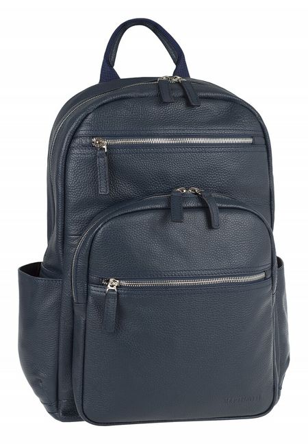 Рюкзак мужской из натуральной кожи, одно основное отделение закрывается на молнию, внутри карман на молнии и два маленьких открытых кармана. На передней стенке три кармана на молнии, по бокам открытые карманы, на задней стенке карман на молнии. Ручка-петля и регулируемые плечевые лямки(90см).Материал: Натуральная кожа , Размер: 320x450x130
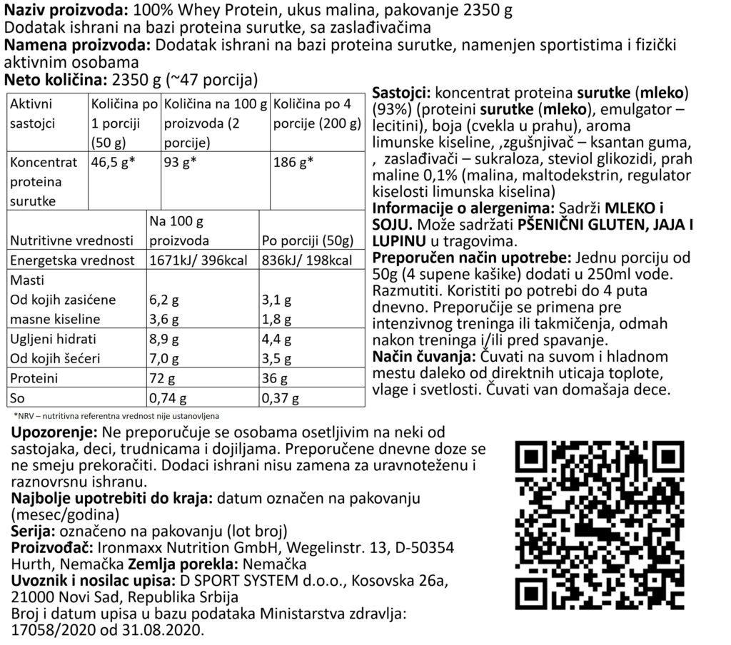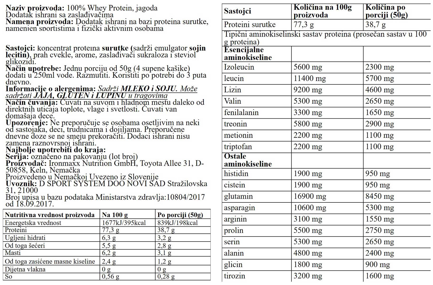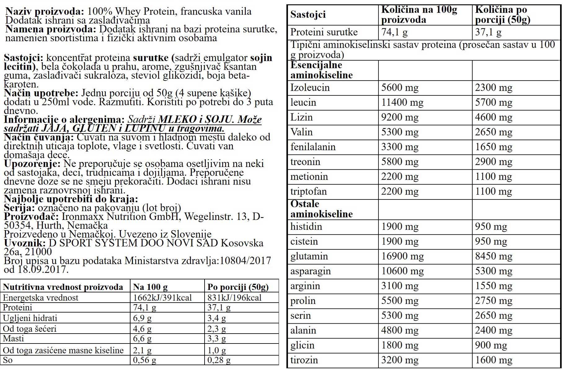 Proteinski prašak od IronMaxx-a, osim toga što je dobrog ukusa, kada ga pomešate s vodom, takođe je hranljiv i odličnog kvaliteta za vaš novac. Svaka doza 100% surutkinog proteina sadrži 38,5 g čistih, brzo iskorištenih surutkinih proteina, sa vrlo malo masti, holesterola i laktoze. Idealan je protein za uzimanje nakon treninga i učinkovita su pomoć mišićnom rastu i regeneraciji.
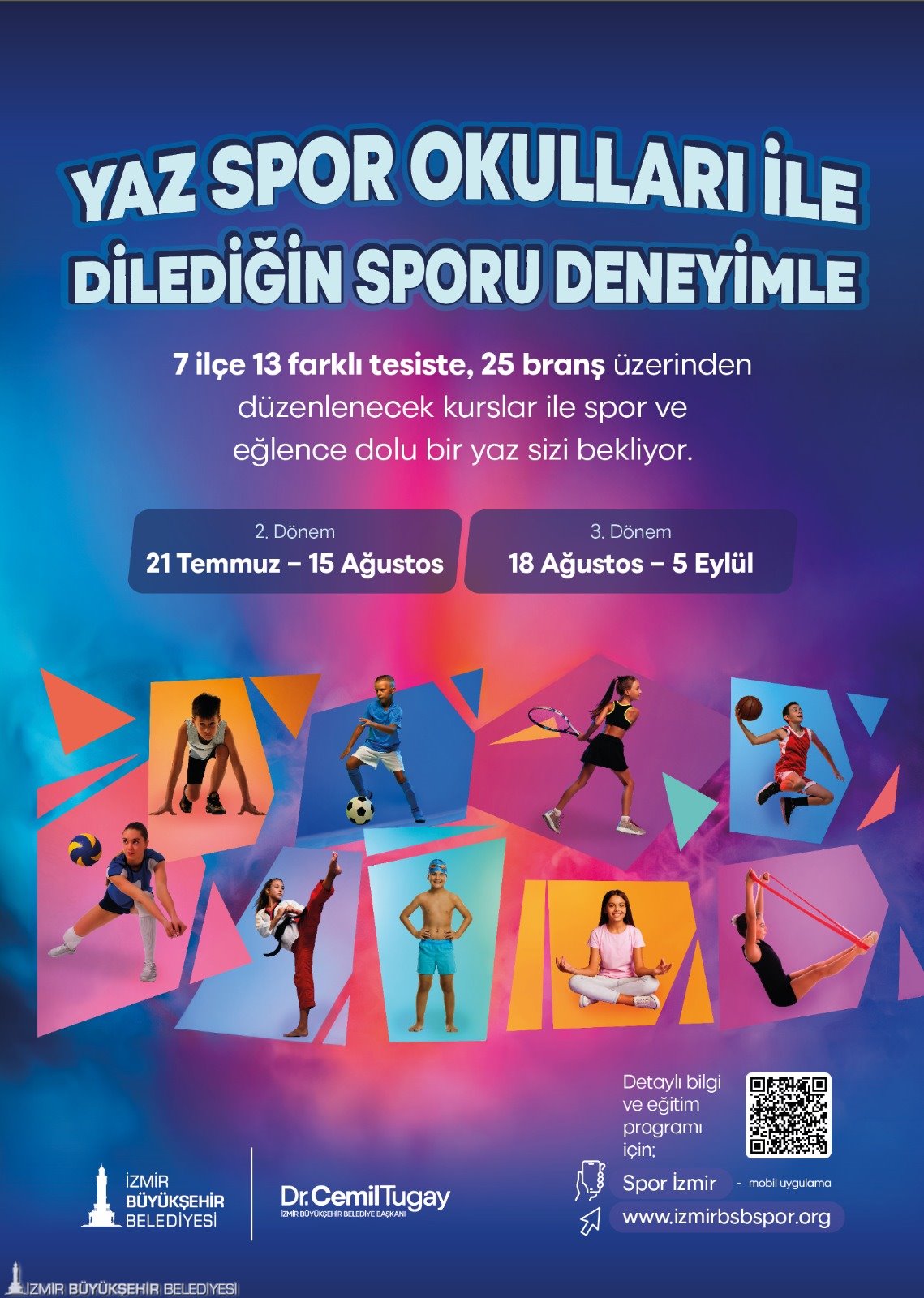 İzmir Büyükşehir Belediyesi Gençlik ve Spor Hizmetleri Dairesi Başkanlığı ile İzmir Büyükşehir Belediyesi Spor Kulübü iş birliğinde düzenlenen Yaz Spor Okulları; atletizm, badminton, basketbol, jimnastik, dans, futbol, futsal, güreş, halk oyunları, judo, kano, karate, kondisyon, masa tenisi, pilates, sağlıklı yaşam, satranç, step-aerobik, sutopu, tekvando, temel hareket eğitimi, tenis, voleybol, yoga, yüzme olmak üzere 25 branşta kurs düzenliyor. Ayrıca özel gereksinimli bireyler için de basketbol eğitimleri veriliyor. 7 ilçe 13 farklı tesiste devam eden kurslarda çocuk, genç ve yetişkinlerin fiziksel ve sosyal gelişimlerinin desteklenmesi hedefleniyor. 100’ü aşkın uzman antrenör ve spor eğitmeni eşliğinde gerçekleştirilen spor kurslarında yeteneğiyle öne çıkan çocuklar, İzmir Büyükşehir Belediyesi Spor Kulübü altyapı takımlarına davet ediliyor.
════
**Your objective**
With the pictures omitted, the material is to be transcribed exactly.

**Answer to this problem**
 Рюкзак мужской из натуральной кожи, одно основное отделение закрывается на молнию, внутри карман на молнии и два маленьких открытых кармана. На передней стенке три кармана на молнии, по бокам открытые карманы, на задней стенке карман на молнии. Ручка-петля и регулируемые плечевые лямки(90см).Материал: Натуральная кожа , Размер: 320x450x130
 Proteinski prašak od IronMaxx-a, osim toga što je dobrog ukusa, kada ga pomešate s vodom, takođe je hranljiv i odličnog kvaliteta za vaš novac. Svaka doza 100% surutkinog proteina sadrži 38,5 g čistih, brzo iskorištenih surutkinih proteina, sa vrlo malo masti, holesterola i laktoze. Idealan je protein za uzimanje nakon treninga i učinkovita su pomoć mišićnom rastu i regeneraciji.
 İzmir Büyükşehir Belediyesi Gençlik ve Spor Hizmetleri Dairesi Başkanlığı ile İzmir Büyükşehir Belediyesi Spor Kulübü iş birliğinde düzenlenen Yaz Spor Okulları; atletizm, badminton, basketbol, jimnastik, dans, futbol, futsal, güreş, halk oyunları, judo, kano, karate, kondisyon, masa tenisi, pilates, sağlıklı yaşam, satranç, step-aerobik, sutopu, tekvando, temel hareket eğitimi, tenis, voleybol, yoga, yüzme olmak üzere 25 branşta kurs düzenliyor. Ayrıca özel gereksinimli bireyler için de basketbol eğitimleri veriliyor. 7 ilçe 13 farklı tesiste devam eden kurslarda çocuk, genç ve yetişkinlerin fiziksel ve sosyal gelişimlerinin desteklenmesi hedefleniyor. 100’ü aşkın uzman antrenör ve spor eğitmeni eşliğinde gerçekleştirilen spor kurslarında yeteneğiyle öne çıkan çocuklar, İzmir Büyükşehir Belediyesi Spor Kulübü altyapı takımlarına davet ediliyor.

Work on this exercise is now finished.